To get started with the Galaxy platform, complete the following tutorial. It takes about 40 minutes and will familiarize you with the interface and the most important Galaxy terms. You will also upload your first data.

First steps with Galaxy

Go through and finish the tutiral “A short introduction to Galaxy”!
The tutorial is available in several languages:

Galaxy Introduction Tutorial (GTN)

Galaxy Introduction Tutorial (GTN, automatic translation)

Reference This tutorial is from the Galaxy Training Network (GTN): Introduction to Galaxy Lizenz: CC BY 4.0.

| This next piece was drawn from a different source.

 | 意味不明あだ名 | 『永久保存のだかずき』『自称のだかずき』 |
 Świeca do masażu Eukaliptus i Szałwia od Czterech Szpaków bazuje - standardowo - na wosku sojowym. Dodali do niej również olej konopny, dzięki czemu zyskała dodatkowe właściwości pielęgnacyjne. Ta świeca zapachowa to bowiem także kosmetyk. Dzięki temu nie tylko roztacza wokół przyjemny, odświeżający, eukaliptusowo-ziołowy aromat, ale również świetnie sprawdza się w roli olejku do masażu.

Starting with training data

Once the tutorial is complete, we can begin with our own data. I hope you enjoy it.

Let’s get started!

Create a new history

Now that the tutorial is complete, we can plan the work with our own data. To do this, we create a new, empty history. Then we rename the history to Data NCBI

Rename the new history

After creating the new history, we rename it. With the new name, it can be clearly identified and cannot be confused with previous analyses.

Download sequencing data

The sequence data that provided here is taken from one of my publications and is intended to serve as an example. The sequence data has been published on NCBI SRA and is freely available. The sequenced sample is a large dsDNA virus and the data is small in size. The small size makes it perfect, easy and quick to handle.

Reference

Isolate	BioSample	NCBI SRA (Illumina)	NCBI SRA (Nanopore)
BmNPV-My	SAMN18849911	SRR14313723	SRR26992684

Wennmann, J.T., Lim, F.S., Senger, S., Gani, M., Jehle, J.A., Keilwagen, J (2024). Haplotype determination of the Bombyx mori nucleopolyhedrovirus by Nanopore sequencing and linkage of single nucleotide variants. Journal of General Virology. 105 (5), 001983. [https://doi.org/10.1099/jgv.0.001983]

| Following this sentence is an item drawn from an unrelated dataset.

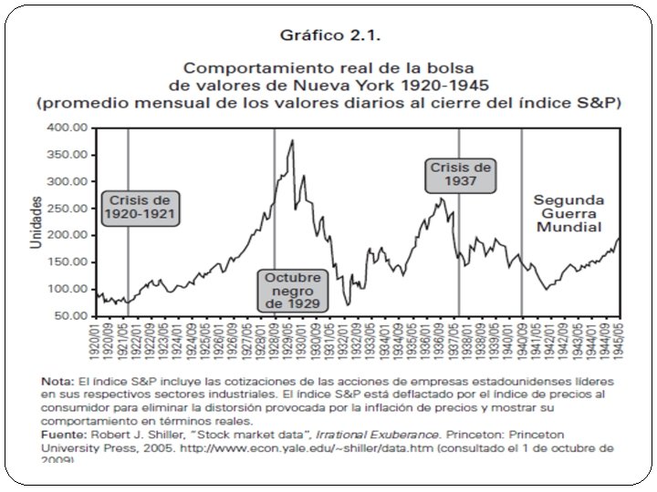 A euforia e seus problemas Nem todos os setores Setores fora da expansão: carvão, ferrovias, agricultura: preços não se recuperam depois da deflação de 21, Dificuldade mais de ¼ da população “Pobreza negra” Euforia – contamina a bolsa e outros ativos Bolhas: imobiliária (Florida) Valorização das ações lucros enormes no processo e existência de crédito Efeito riqueza – cria circulo viciosos (virtuoso ? ) perspectiva que isto não tem limites: não percepção de risco e afastamento dos fundamentos Grande numero de bancos comerciais: dificuldade do FED em regular ou supervisionar Não alcance; Não dispõe de instrumentos 1928 especulação continua mesmo com aumento dos juros e maior cautela dos bancos

Please download the sequence data directly and save it temporarily on your computer. We will then upload it directly to your newly created Galaxy history “Data NCBI.”

Downloading sequencing data

Follow this link to download the Illumina data and save it on your computer. You should download the forward and reverse reads in two separate files:
💾 [Illumina forward reads]
💾 [Illumina reverse reads]
Follow the link to download the Nanopore reads:
💾 [Nanopore reads]

You should now have three files saved on your computer.

Upload your data to Galaxy

Sequence data is usually obtained directly in fastq or fastqsanger format. It is then uploaded to the Galaxy platform. We will do this in the next step.

Upload your data to Galaxy

You have the three files.
Go to the folder where you saved the files.
Go to usegalaxy.eu and click on “Upload.”
Drag your files into the upload window (drag and drop).
Click on “Start.” The upload will begin.
Once all files have been uploaded, click on “Close.”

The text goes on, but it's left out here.